No. YOU are talking about speciation, and using a specific standard that YOU got from a reference YOU chose and that YOU then waffle on description-wise later. The video is talking about differences in species, but not with the same manner you got from some posting. If you actually watch the video and/or read his essay, you should be able to figure out what Gelernter is talking about.
nope. I need to use what actual biologists use. Anything else would be spreading misinformation.

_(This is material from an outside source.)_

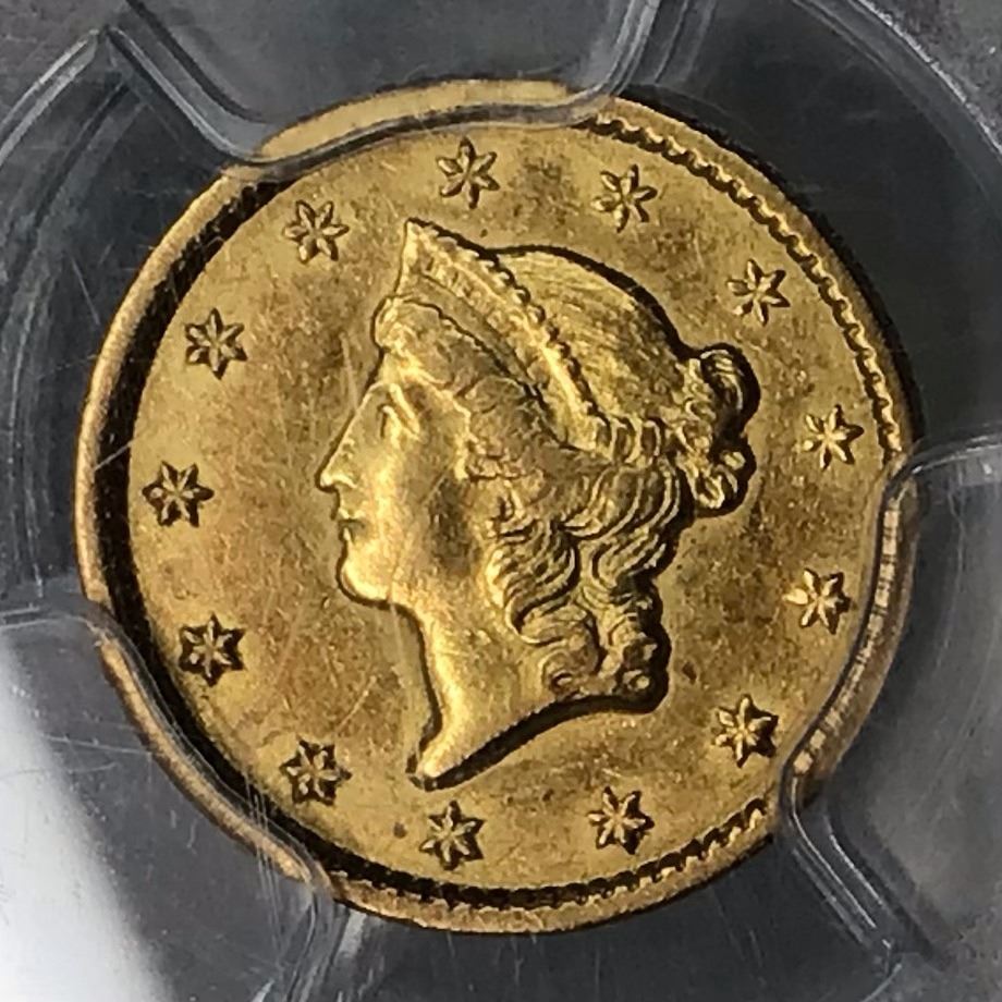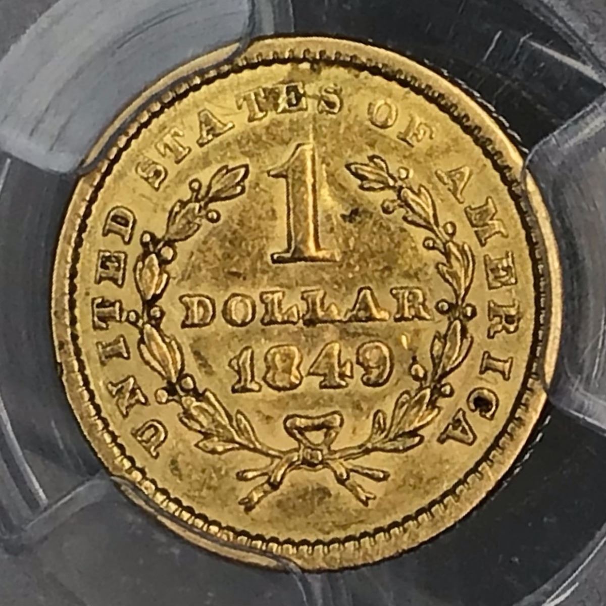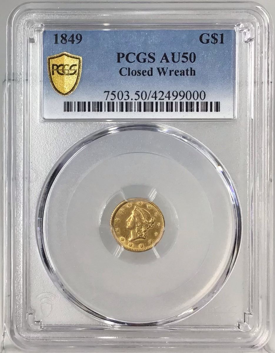 One 1849 $1 Closed Wreath Gold Coin PCGS AU50.
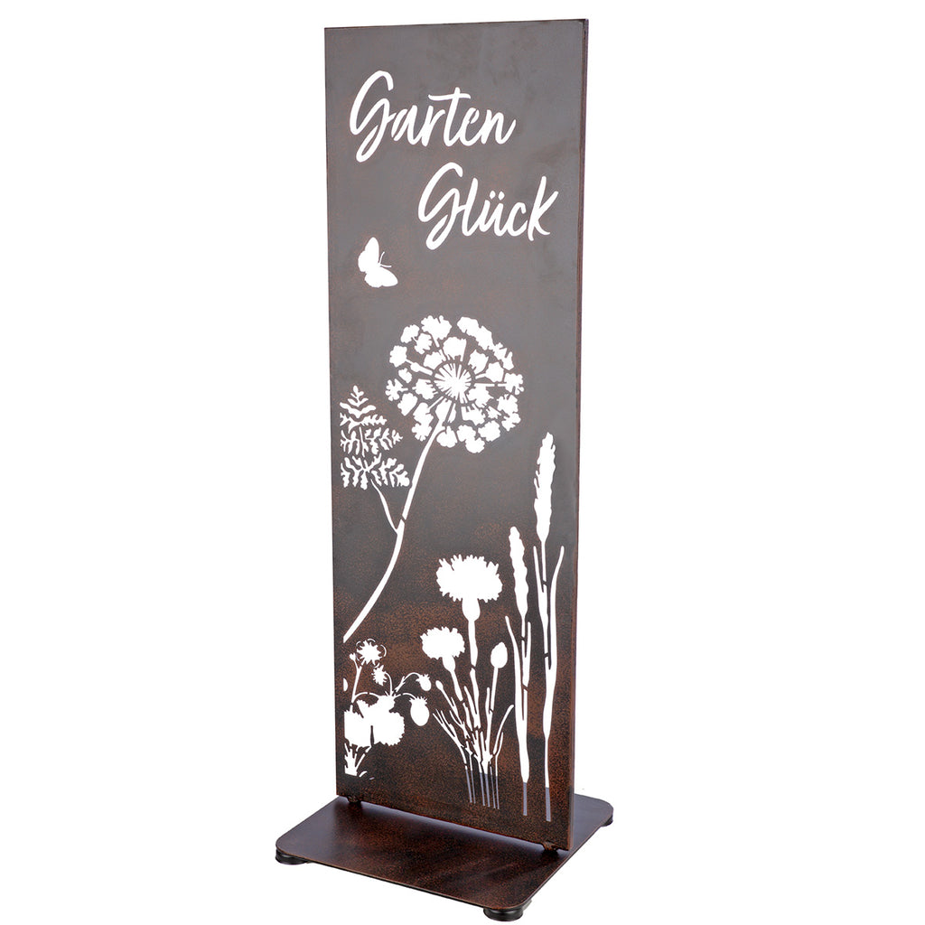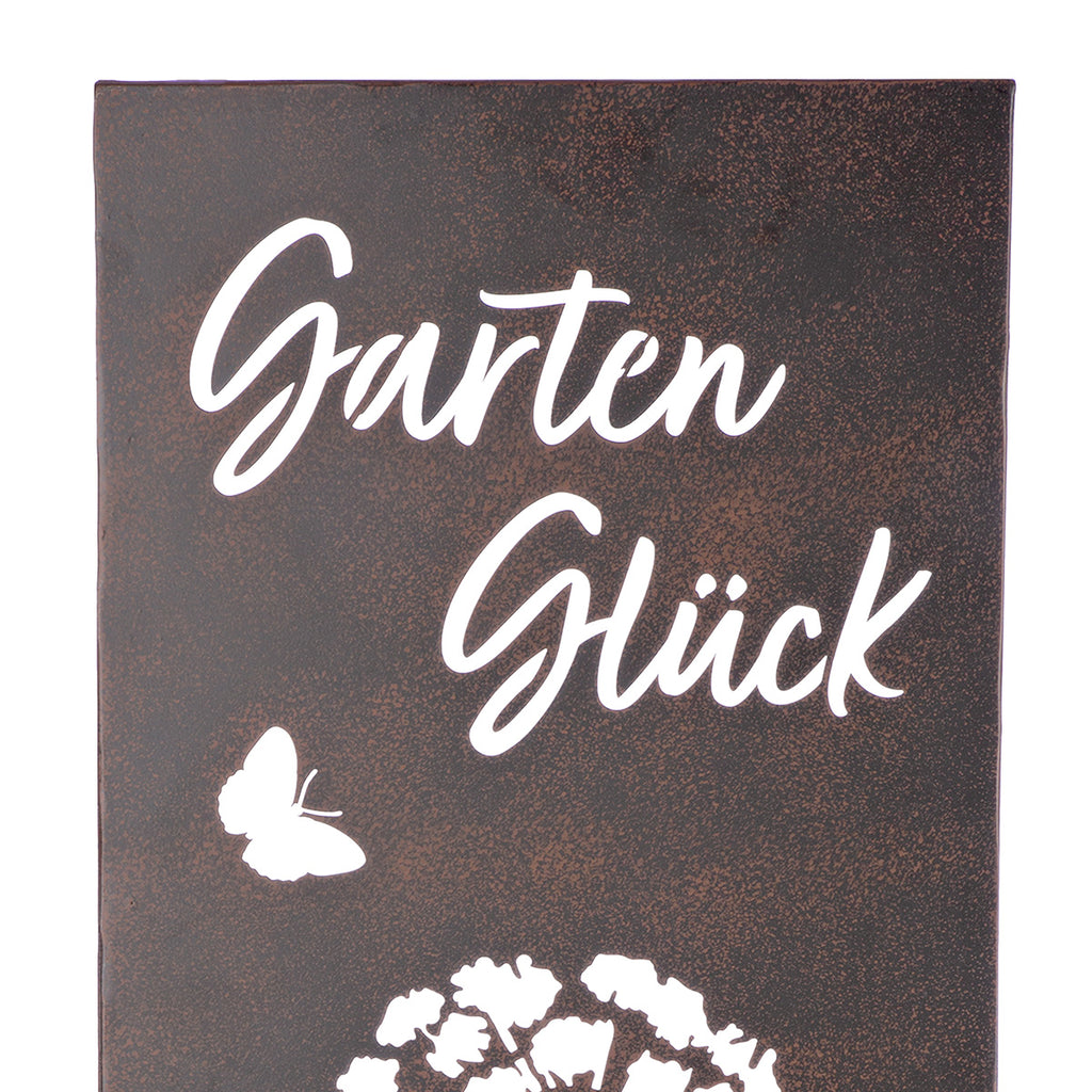 Das Standrelief Wildora ist eine stilvolle Gartendekoration, die natürliche Eleganz und liebevolle Details miteinander verbindet. Mit seinem filigranen Blumenmotiv und dem harmonischen Schriftzug Garten Glück setzt es einen besonderen Akzent im Garten, auf der Terrasse oder im Eingangsbereich. Die warme braune Farbgebung verleiht dem Metallrelief eine ruhige, natürliche Ausstrahlung und fügt sich harmonisch in jede Umgebung ein.

So let's see. You (supposedly) watch a video where the participants are discussing a subject in a context and with definitions that is acceptable to all those involved. But YOU, holding to a different definition of subjects and want a different context, are now going to critique the discussion (which you were not involved in) based on YOUR different definitions. Umm, ya, that's fair. And when it comes to the definitions, even you do not seem to be consistent on what you are talking about. For defining species, in prior posts you have mentioned at least 3 different definitions. You then link to a article that itself lists at least 8 different definitions (discusses 4 of those), and in it's beginning statements on defining species says: quote:So since you are so in tune with what "actual biologists use", which one is it? Message 19 writes: Over the last few decades the theoretically preeminent species definition has been the biological species concept (BSC). This concept defines a species as a reproductive community.which is reproductive isolation. ... Not necessarily. A reproductive community is composed of the individuals that happen to reproduce, as opposed to all the individuals that are capable of reproduction. This definition actually works better for single cell organisms. Consider horses and donkeys. They -- to use the rather childish definition in the video -- are readily recognized as different species, yet they can interbreed.Even so, from the article you posted, it is pretty clear that the BSC is referring to reproductive isolation. It quotes Ernst Mayr definition as: "groups of actually or potentially interbreeding natural populations which are reproductively isolated from other such groups", and Dobzhansky making a similar statement. Two of the papers cited in the article also echo the same sentiments. And yet, such a definition of species does not imply any significant biological change has taken place between the two populations are the outcome. As for horses and donkeys, if you want to stick to the BSC, then they would not qualify as different species, would they. So you would be using yet another definition there. Curiously I see biologists handing out new species names, and I trust them more than non-biologists.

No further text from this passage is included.